** Provided information **
--- START ---

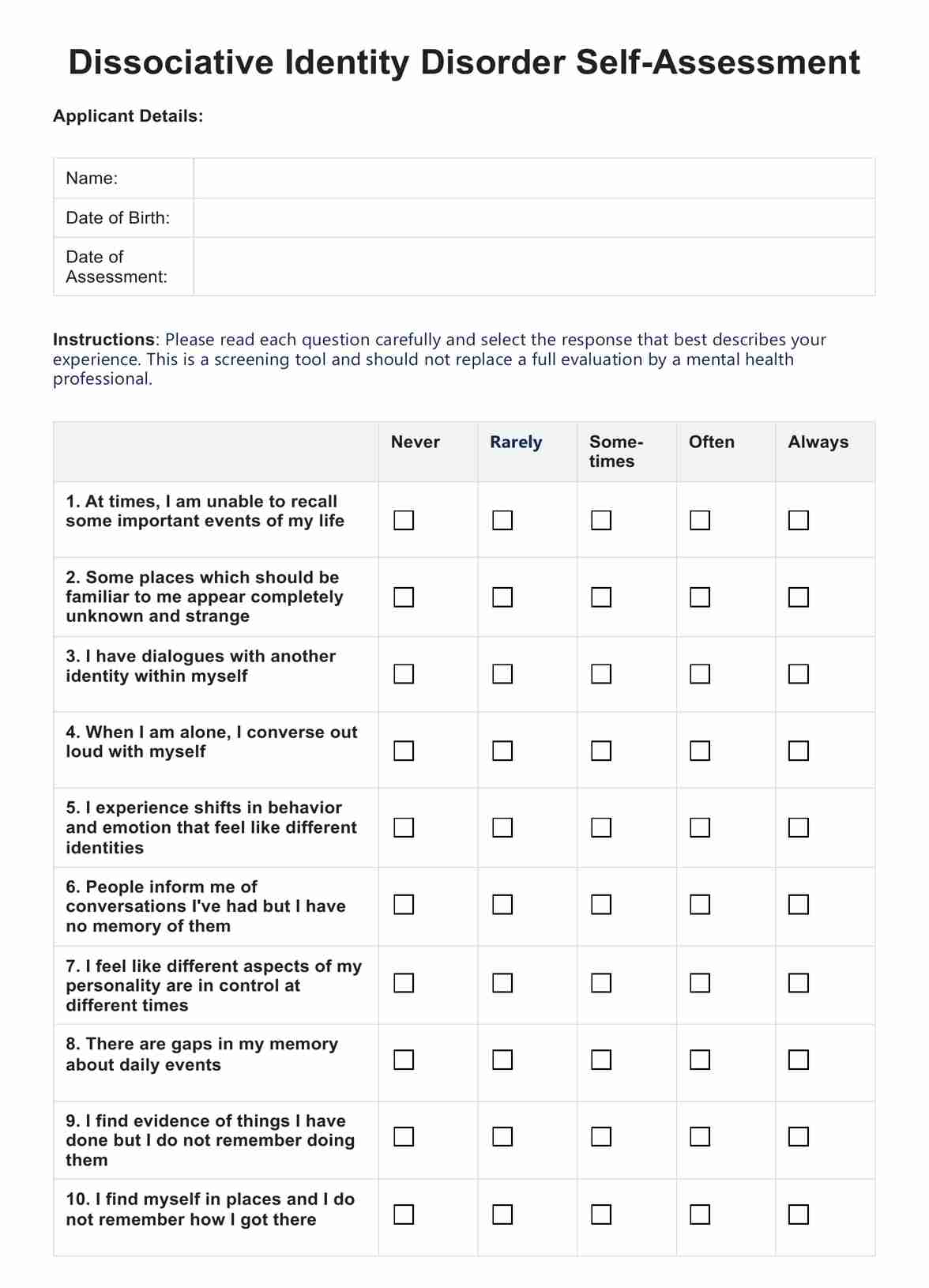 A comprehensive therapy worksheet template that improves patient engagement. This worksheet will allow you to obtain accurate data and greatly enhance your treatment plans.
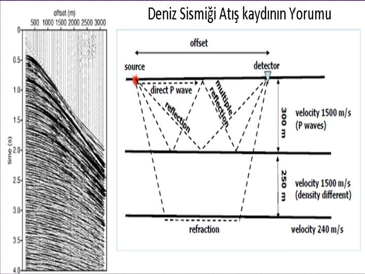 TEMEL İLKELER – KAYNAK TÜRÜ Sismik Yansıma Yöntemi Uygulaması için: - Sismik dalga üreten bir kaynak (airgun, vibratör vb. ) - Sismik dalga algılayan bir veya çok sayıda alıcı (hidrofon veya jeofon) - Algılanan sismik sinyalleri kayıt eden bir cihaz (sayısal sismograf) Sismik yansıma yönteminde kullanılan dalga türü: - Başlıca dalga türü P-dalgaları (Primary waves) - Kara operasyonlarında, bazı çalışmalarda S-dalgaları (Secondary waves) Gürültü kaynakları (Noise): - Dalga yayınımı nedeniyle olanlar (yüzey dalgaları, tekrarlı yansımalar, deniz tabanı tekrarlı yansımaları, hayalet yansımalar (ghost reflections) - Ortam kaynaklı gürültüler (rüzgar, dalga, ) - Çevresel gürültüler (motorlu araçlar, sesli çalışan her türlü makina, dümen suyu vb. )
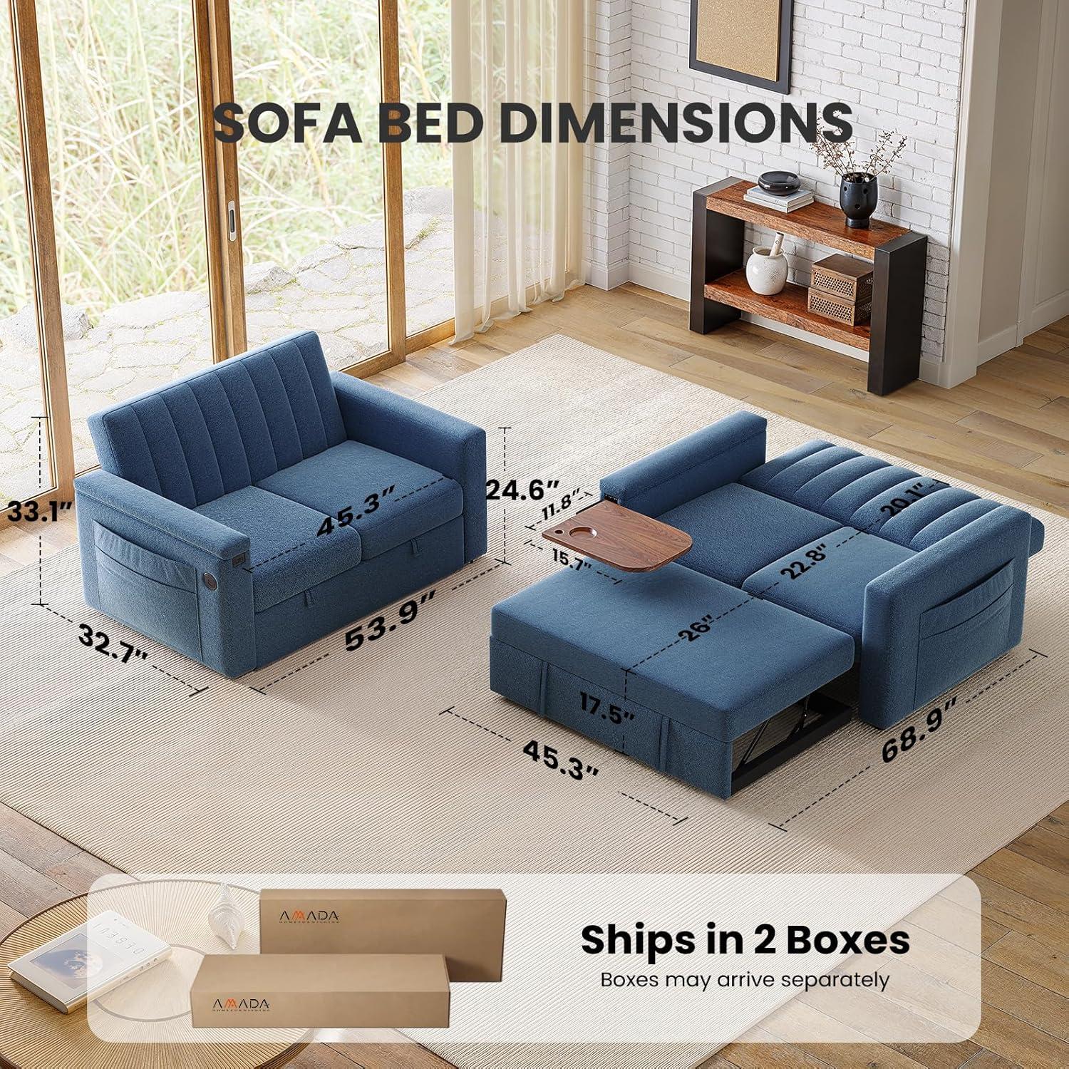 Amada 3 in 1 Sleeper Sofa Bed,Pull Out Couch with Side Table, Convertible Loveseat with Adjustable Backrest,Chaise Lounge with USB Ports & Side Pockets for Living Room, 69'' Pull Out Sofa Bed(Beige)(Dark Blue)
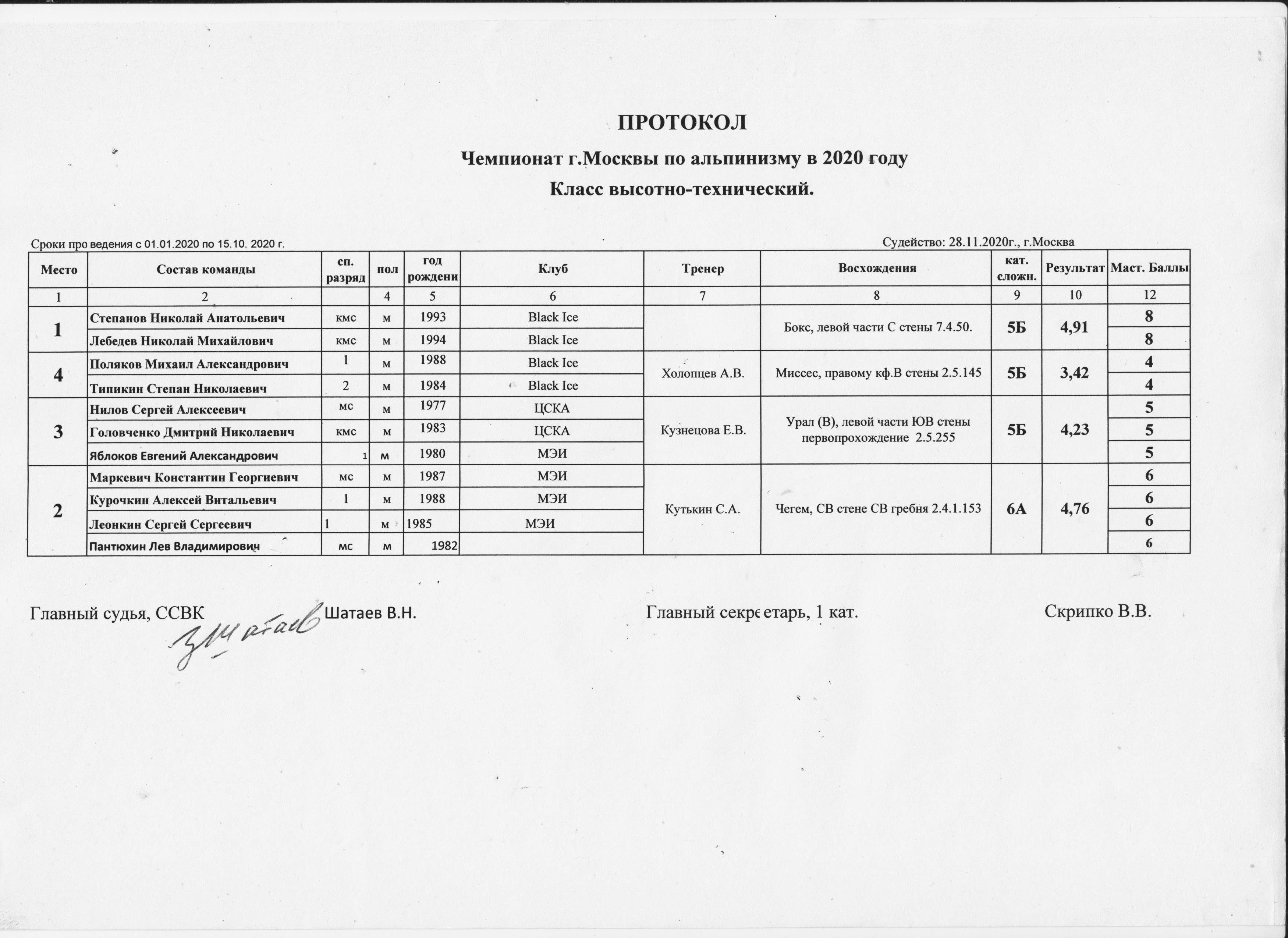 Итоговый протокол Чемпионата Москвы, класс высотно-технический 2020
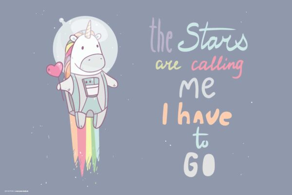 Unicorn goes space! Originelle Schreibtischunterlage mit Einhorn als Astronaut im Weltall und bunter Textgrafik “The Stars are calling me, I have to go”. 100 % Erfolgsgarantie beim Nachwuchs!
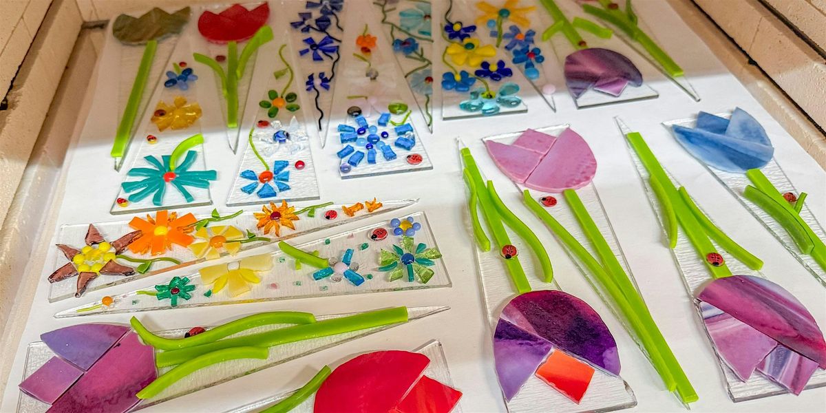 Choose from wildflowers, tulips, daffodils, poppies, and bumble bees. Using simple glass-cutting tools, you’ll shape petals, stems, and leaves, then assemble your pieces onto a precut transparent garden stake. Add a final touch of charm with a ladybug murrini or a mini dragonfly. It’s a fun, relaxed way to spend time making something special with family and friends.

--- END ---

** Activity **
What you write out is the stretch of entries from the line containing "Amada 3 in 1" to the line containing "Unicorn goes space!", word for word, with both end lines and no pictures.

** Exercise answer **
 Amada 3 in 1 Sleeper Sofa Bed,Pull Out Couch with Side Table, Convertible Loveseat with Adjustable Backrest,Chaise Lounge with USB Ports & Side Pockets for Living Room, 69'' Pull Out Sofa Bed(Beige)(Dark Blue)
 Итоговый протокол Чемпионата Москвы, класс высотно-технический 2020
 Unicorn goes space! Originelle Schreibtischunterlage mit Einhorn als Astronaut im Weltall und bunter Textgrafik “The Stars are calling me, I have to go”. 100 % Erfolgsgarantie beim Nachwuchs!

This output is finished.